What to work on –
Pictures must not appear in the copy. Reproduce exactly, and only, the lines from the one with "深咖色的書桌,整排書架,以一" through the end of the data below.

Data shown –
○ ○ ○ ○ ○
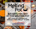 Fondue lovers, this one’s for you! With Cville Local Deals, just $25 gets you $50 to spend at The Melting Pot! Gift certificates go live Tuesday, February 10th at 9am, so don’t miss out!
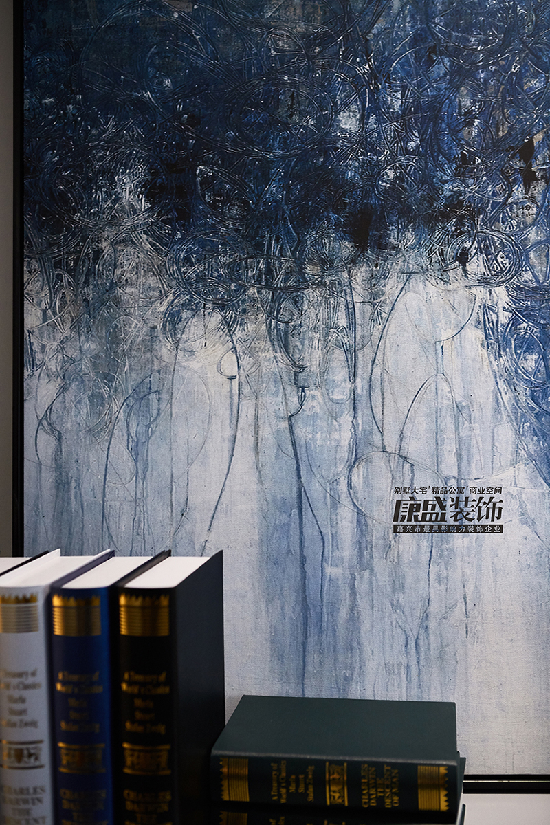 深咖色的書桌,整排書架,以一種沉穩(wěn)的質感、色系的差距,與客廳無聲分區(qū)。
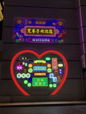 夜晚的宽巷子无比美丽,今天最后一个项目就是夜游宽巷子,哈哈哈!有一部分店铺已经关门了,貌似这里的商家开关门都很随性,有的只开半天儿就关了,这样可真舒坦!随着夜幕降临,夜间照明全开,宽巷子就像一条银河带一样,在清真大寺的北侧,烤串,焙子,熟食店,还有遛弯的当地居民,好热闹呀!
○ ○ ○ ○ ○
Task output –
 深咖色的書桌,整排書架,以一種沉穩(wěn)的質感、色系的差距,與客廳無聲分區(qū)。
 夜晚的宽巷子无比美丽,今天最后一个项目就是夜游宽巷子,哈哈哈!有一部分店铺已经关门了,貌似这里的商家开关门都很随性,有的只开半天儿就关了,这样可真舒坦!随着夜幕降临,夜间照明全开,宽巷子就像一条银河带一样,在清真大寺的北侧,烤串,焙子,熟食店,还有遛弯的当地居民,好热闹呀!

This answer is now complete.